What the task requires: Restate word for word all of the lines below, with each image left out.

Data:

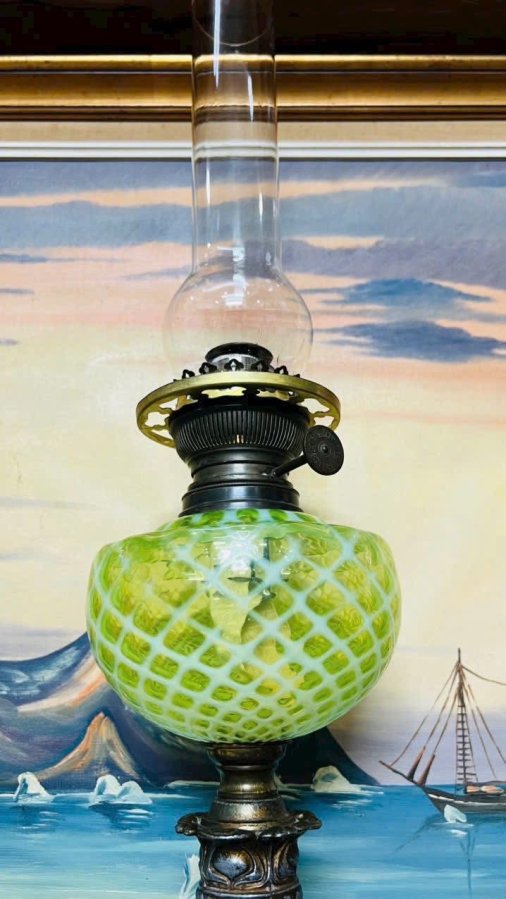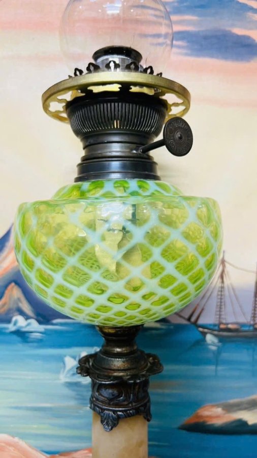 Đèn dầu Pháp cổ bầu Vasalin caro 2 da nổi rất đẹp , chân đá cẩm thạch già đã lên vân, cốt đá to 4,3cm , Zin nguyên bản
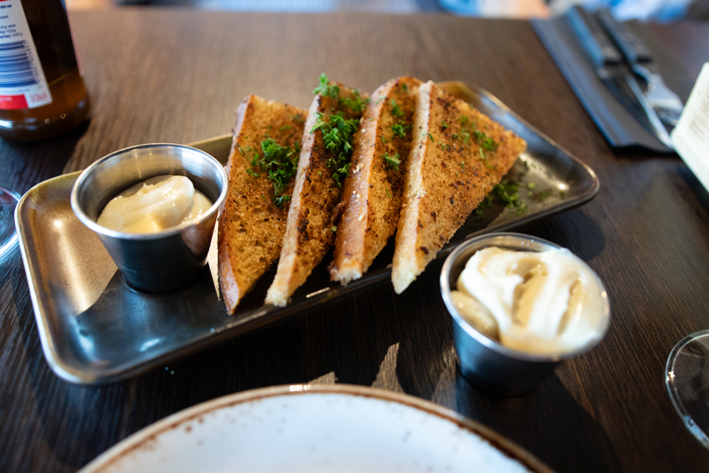 Till förrätt så beställde vi in deras vitlöksbröd som är så jäkla amazing! Alla som äter detta vitlöksbrödet säger att det är de bästa som de någonsin har ätit och jag kan bara hålla med! Sen tog vi också in deras toastskagen som jag och Johan delade på, samt deras sidfläsk. Något som jag måste berömma Buddys för, förutom de goda smakerna så är portionerna riktigt bra. Allt är så prisvärt!
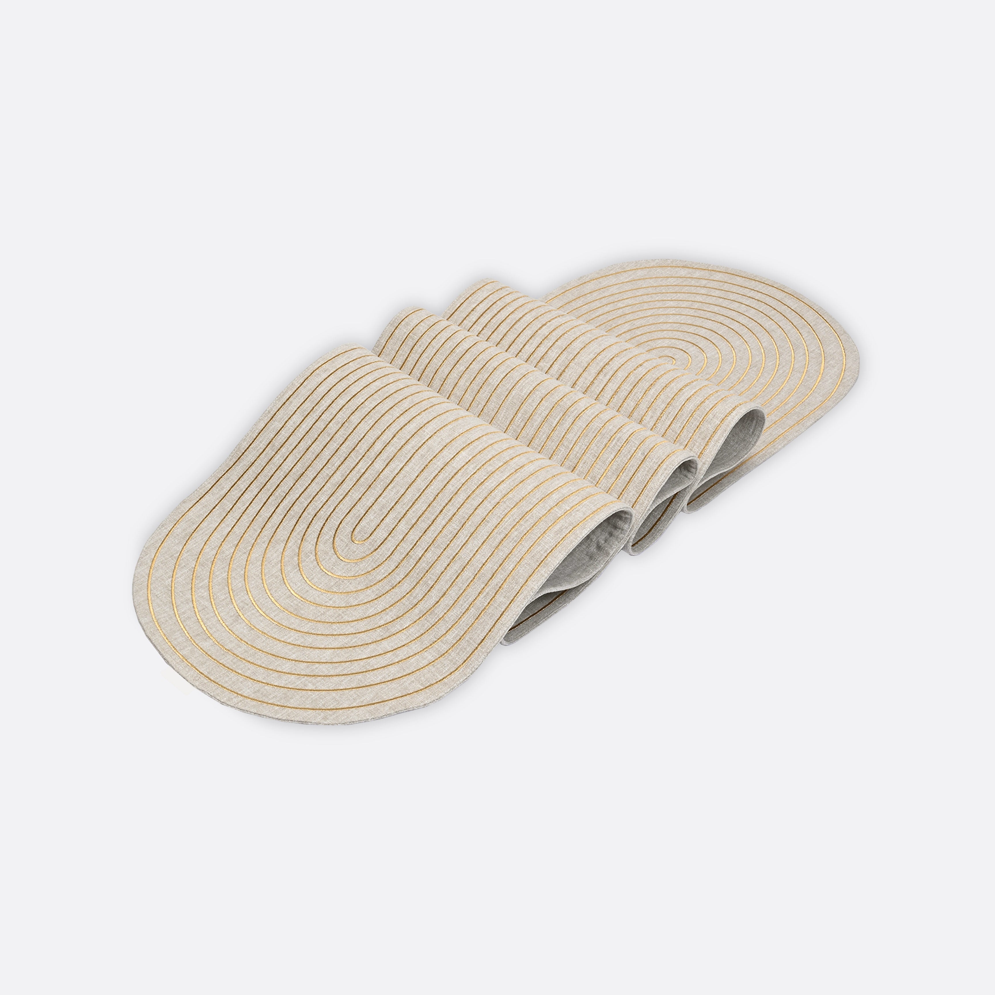 Understated and sculptural, the Beige Arch Table Runner features concentric stitched lines on a linen-blend base — designed to complement both neutral and metallic tablescapes.

Solution for this task:
 Đèn dầu Pháp cổ bầu Vasalin caro 2 da nổi rất đẹp , chân đá cẩm thạch già đã lên vân, cốt đá to 4,3cm , Zin nguyên bản
 Till förrätt så beställde vi in deras vitlöksbröd som är så jäkla amazing! Alla som äter detta vitlöksbrödet säger att det är de bästa som de någonsin har ätit och jag kan bara hålla med! Sen tog vi också in deras toastskagen som jag och Johan delade på, samt deras sidfläsk. Något som jag måste berömma Buddys för, förutom de goda smakerna så är portionerna riktigt bra. Allt är så prisvärt!
 Understated and sculptural, the Beige Arch Table Runner features concentric stitched lines on a linen-blend base — designed to complement both neutral and metallic tablescapes.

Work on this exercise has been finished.